A Quantitative Non-radial Oscillation Model for the Subpulses in PSR B0943+10

TL;DR

This paper applies a non-radial oscillation model to analyze PSR B0943+10's subpulses, successfully reproducing observed behaviors and revealing subtle phenomena challenging existing models.

Contribution

It extends a non-radial oscillation model to include linear polarization and demonstrates its effectiveness on PSR B0943+10, a well-studied pulsar.

Findings

Successfully fits observed subpulse behavior

Reveals subtle behaviors difficult for drifting spark models

Supports non-radial oscillation as a viable explanation

Abstract

In this paper, we analyze time series measurements of PSR B0943+10 and fit them with a non-radial oscillation model. The model we apply was first developed for total intensity measurements in an earlier paper, and expanded to encompass linear polarization in a companion paper to this one.
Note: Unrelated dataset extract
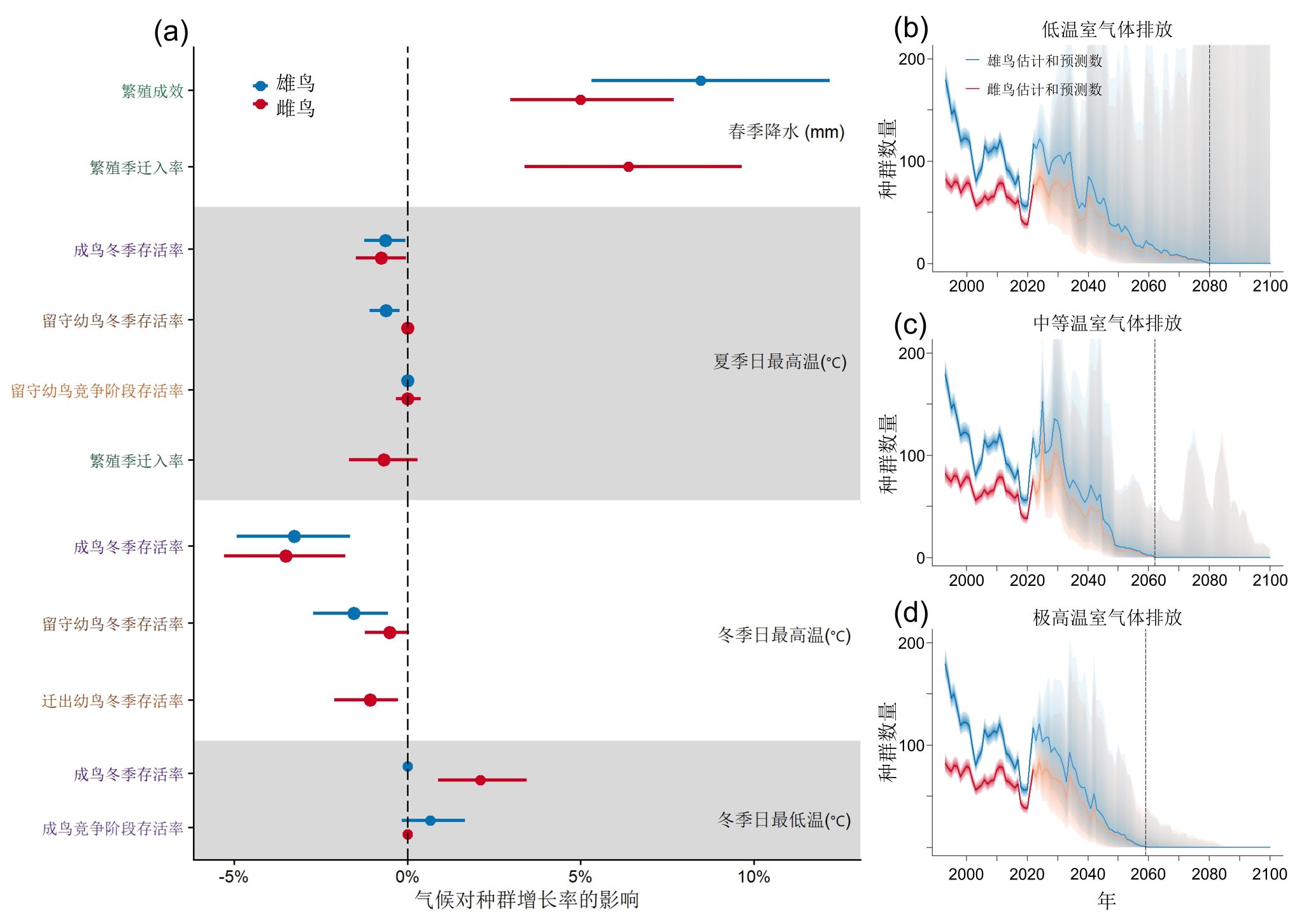 吕磊研究员及其合作者利用澳洲华丽细尾鹩莺(Malurus cyaneus)长达30年(1993–2022)的个体繁殖、表观存活、迁入和种群数量数据,使用整合种群模型(Integrated Population Model)和路径分析,定量评估了气候如何通过影响各个种群统计参数进而决定种群动态,并预测了该种群在未来气候变化情景下的生存力。研究表明,气候可通过多达11个种群统计参数的路径影响雌性和雄性鹩莺的种群动态(图1a)。春季降水越多,繁殖成效和雌性幼鸟的迁入率越高,会促进种群增长。然而,夏季和冬季的日最高温越高,成鸟以及对极端气候更敏感的幼鸟在冬季的存活率越低,最终限制种群增长。鉴于构建的种群模型能够高度拟合实际调查到的种群数量,本研究进一步预测了华丽细尾鹩莺未来的种群动态。综合21个气候模型的气候随机性,并同时考虑种群密度制约和统计随机性后,研究发现,在分别代表未来气候变暖逐级加剧的低、中等和极高温室气体排放情景下,种群均将急剧衰退并快速灭绝,且排放越高,灭绝发生得越早(图1b, 1c, 1d)。

We use PSR B0943+10 for the initial tests of our model because it has a simple geometry, it has been exhaustively studied in the literature, and its behavior is well-documented. As prelude to quantitative fitting, we have reanalyzed previously published archival data of PSR B0943+10 and uncovered subtle but significant behavior that is difficult to explain in the framework of the drifting spark model. Our fits of a non-radial oscillation model are able to successfully reproduce the observed behavior in this pulsar.